DATA PROVIDED:
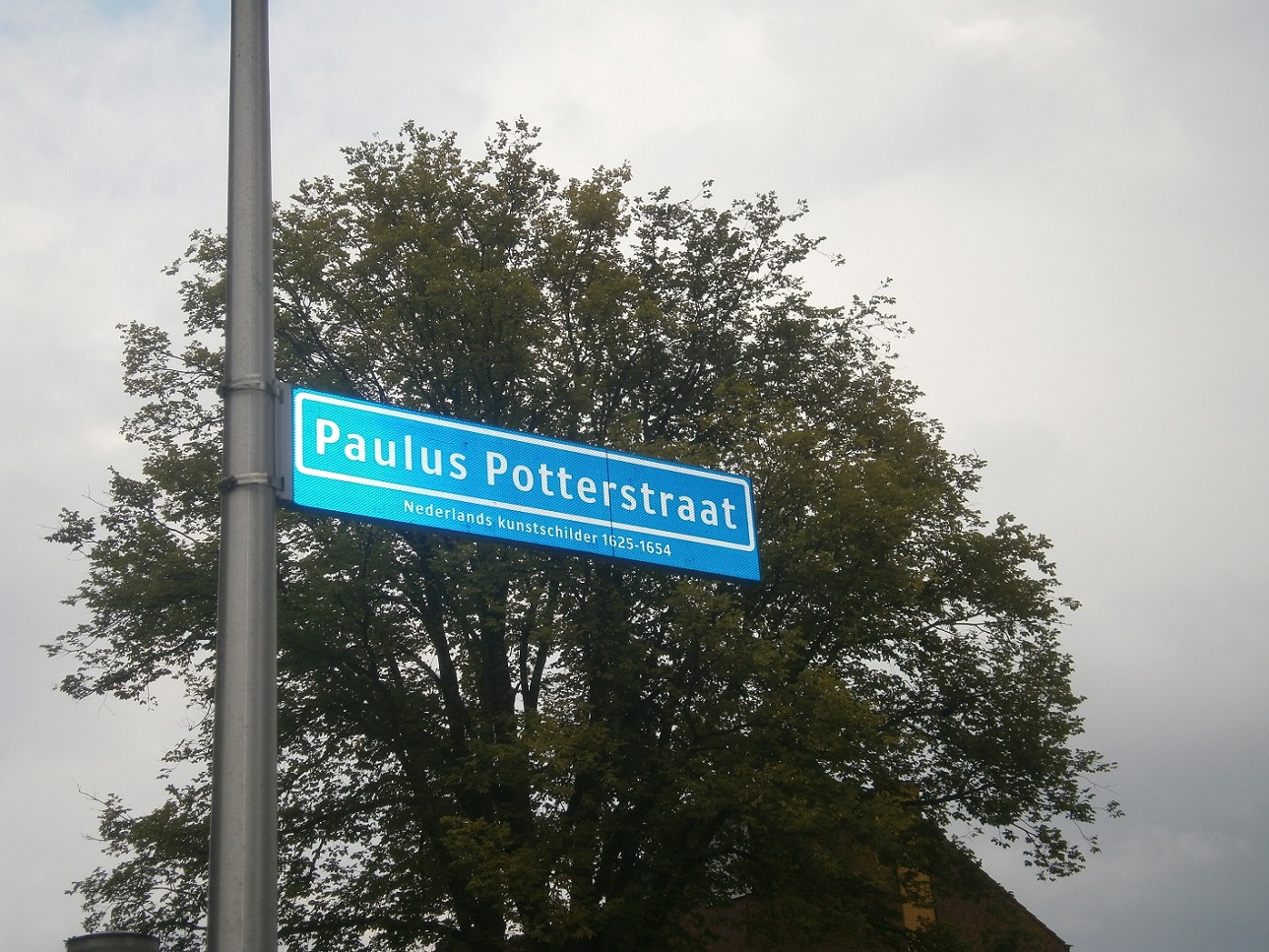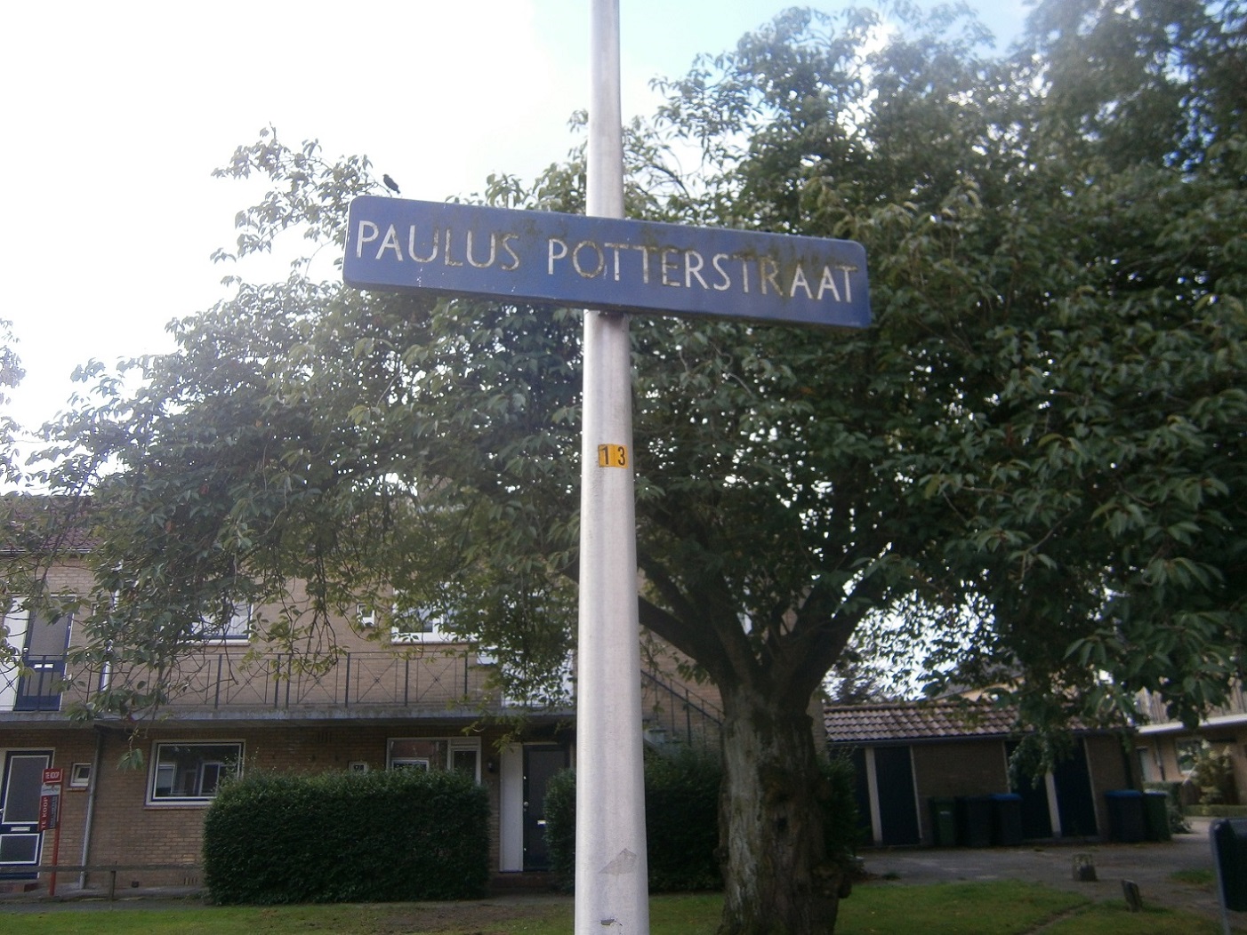 Naar Paulus Potter, Ned. schilder, geboren 1625 te Enkhuizen, overleden 1654 te Amsterdam. Heeft zich als zuiver natuurschilder vooral toegelegd op het schilderen van dieren in hun natuurlijke omgeving en heeft daarmee roem verworven. Bekend is o.m. zijn compositie "De Stier" in het Mauritshuis (12 juli 1954). bron: http://straatnamen.enschede.nl/straten/00787/?char=P
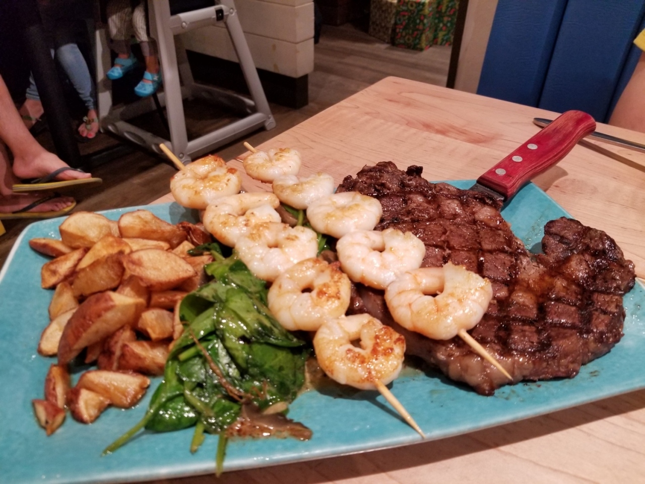 牛とエビのグリル、ドリンクで65ドルほどと安くはありません。
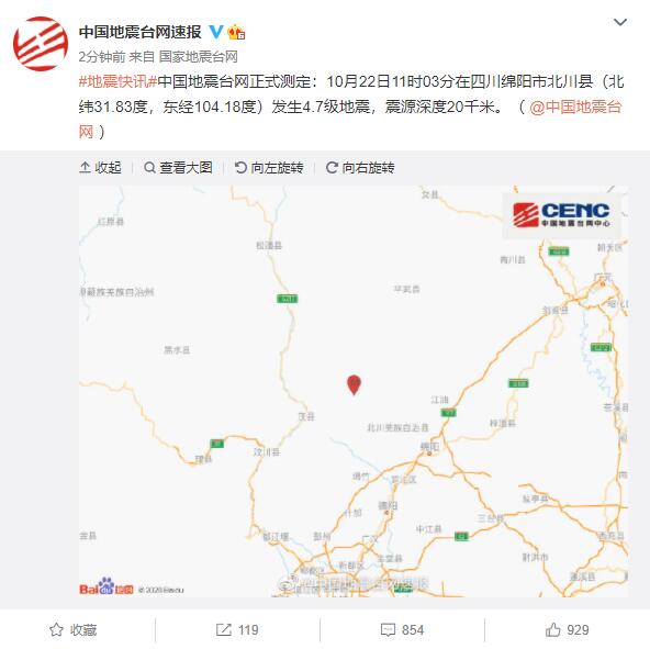 四川綿陽市北川縣發生4.7級地震,震深20千米 None 2020-10-22 據@地震台網速報 消息,中國地震台網正式測定:10月22日11時03分在四川綿陽市北川縣(北緯31.83度,東經104.18度)發生4.7級地震,震源深度20千米。

TASK ITEM:
Please give the material above again in full, with no pictures in your version.

REPLY TO THE EXERCISE:
 Naar Paulus Potter, Ned. schilder, geboren 1625 te Enkhuizen, overleden 1654 te Amsterdam. Heeft zich als zuiver natuurschilder vooral toegelegd op het schilderen van dieren in hun natuurlijke omgeving en heeft daarmee roem verworven. Bekend is o.m. zijn compositie "De Stier" in het Mauritshuis (12 juli 1954). bron: http://straatnamen.enschede.nl/straten/00787/?char=P
 牛とエビのグリル、ドリンクで65ドルほどと安くはありません。
 四川綿陽市北川縣發生4.7級地震,震深20千米 None 2020-10-22 據@地震台網速報 消息,中國地震台網正式測定:10月22日11時03分在四川綿陽市北川縣(北緯31.83度,東經104.18度)發生4.7級地震,震源深度20千米。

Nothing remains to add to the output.